Re: [squeak-dev] What are we leaking in the www.squeak.org process? - Vm-dev

21 Oct 2010


      Janko and I have been doing some fiddling around and monitoring today
and I begin to develop a theory.
First, meet some images:
Image 1: SqueakMap (map.squeak.org).  This is our oldest Squeak service
image with the possible exception of wiki.squeak.org.  This is a 3.8
image running on a 3.8 VM.  SqueakMap saves it's data to a separate file
and snapshots of the image are only made when source code changes occur,
aka manually.
Image 2: SqueakSource (source.squeak.org).  This is a 3.11 image running
on a 3.11 VM.  This image saves it's data by snapshoting hourly.

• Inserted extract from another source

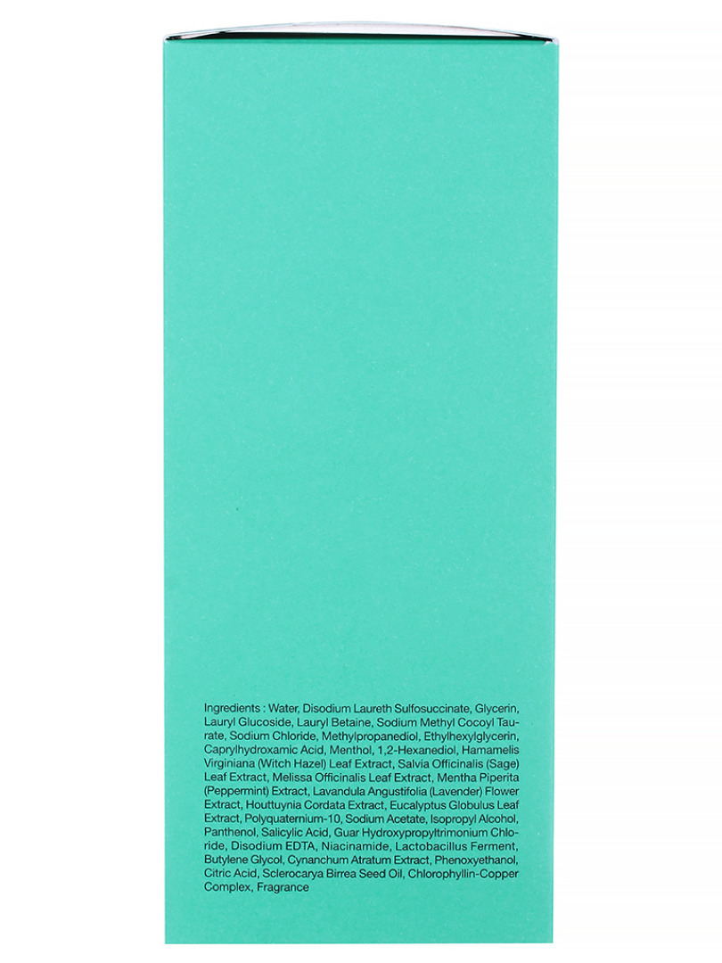 Water, Disodium Laureth Sulfosuccinate, Lauryl Betaine, Sodium Chloride, Lauryl Glucoside, Glycerin, Sodium Methyl Cocoyl Taurate, Methylpropanediol, Ethylhexylglycerin, Caprylhydroxamic Acid, Fragrance, Menthol, 1,2-Hexanediol, Hamamelis Virginiana (Witch Hazel), Leaf Extract", Salvia Officinalis (Sage) Leaf Extract, Melissa Officinalis Leaf Extract, Mentha Piperita (Peppermint) Extract, "Lavandula Angustifolia (Lavender), Flower Extract", Houttuynia Cordata Extract, Eucalyptus Globulus Leaf Extract, Polyquaternium-10, Sodium Acetate, Isopropyl Alcohol, Panthenol, Salicylic Acid, "Guar Hydroxypropyltrimonium, Chloride", Disodium EDTA, Niacinamide, Lactobacillus Ferment, Butylene Glycol, Cynanchum Atratum Extract, Phenoxyethanol, Citric Acid, Sclerocarya Birrea Seed Oil, Chlorophyllin-Copper Complex

Image 3: www.squeak.org.  This is a 3.9 VM that has been running for
some time on the same 3.8 VM as SqueakMap but we just a short while ago
decided to try it on the 3.11 VM SqueakSource is using and it is running
fine so far.
So for a few hours now I have been monitoring the memory usage and GC
behavior of these three images.  The short story is that SqueakMap is
almost completely rock solid but that the SqueakSource image, despite my
earlier claims to the contrary, appears to suffer a much reduced form of
the problem we are observing on www.squeak.org.

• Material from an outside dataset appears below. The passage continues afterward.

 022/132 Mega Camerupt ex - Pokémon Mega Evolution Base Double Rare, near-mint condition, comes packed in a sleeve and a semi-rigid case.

To reiterate:  The problem is that the resident set size of the process
appears to continually grow.  The operating system will occasionally
swap out some of this giving the impression that the RSS has dropped but
I'm almost certain that the total cost (RAM+swap) of the process is the
same and continuing to increase.  Our available RAM and swap on the
server is quite limited with all the various services we are running.

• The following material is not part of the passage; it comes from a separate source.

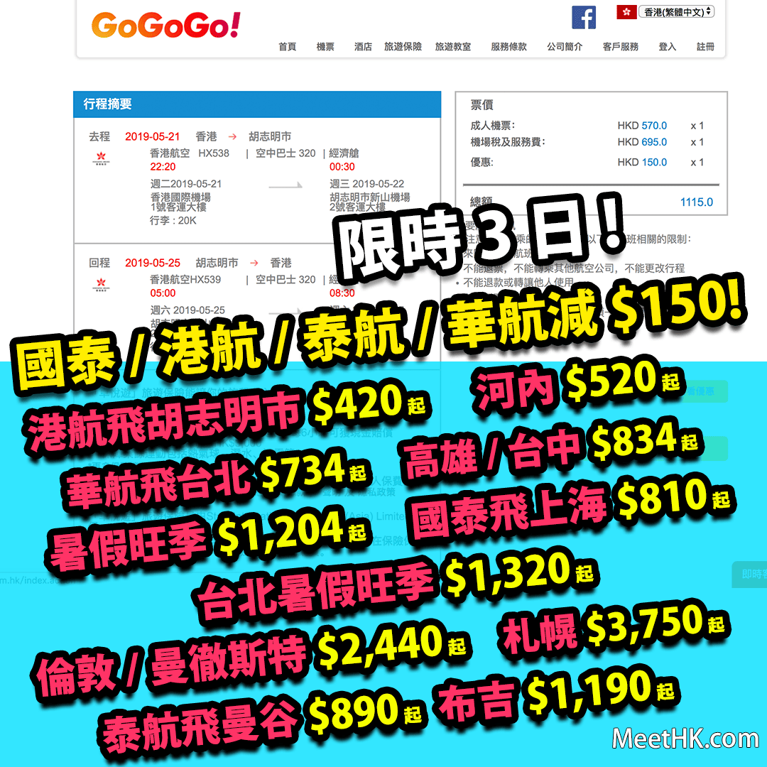 限時3日!名額200個!國泰/港航/泰航/華航每張機票減$150!華航飛台北$734起,高雄/台中$834起,暑假旺季$1,204起、泰航飛曼谷$890起,布吉$1,190起、國泰飛台北暑假旺季$1,320起,倫敦/曼徹斯特$2,440起,札幌$3,750起 – GoGoGo (優惠至5月6日)

What I'm observing is a discrepancy between what the VM claims is the
end of memory and the RSS.  When any of these images start this
discrepancy is quite small, maybe a megabyte.  But whenever a GC occurs
the end of memory figure drops, but the RSS goes up.  So from the images
side it all appears copacetic: we cleaned up the garbage and we are more
or less back at our base memory usage level.  But as far as the
operating system is concerned nothing has happened, in fact more memory
has been claimed.
So my theory is that somehow when GC occurs on the linux VM (3.8 VM and
3.11 VM) the freed up memory is not released to the operating system but
it seems that new objects go in a different memory location from the
operating system's perspective therefore using additional memory on top
of what was used before the GC.  I only really observe this on full GCs.
When few if any full GCs occur, there is no real problem.  But when you
do things like snapshot the image hourly, this all adds up to several
megabytes a day of lost RAM.
This may not be quite right, I'm still observing and of course this
theory is built out of black box observation and little else.  Feel free
to set me straight.
Ken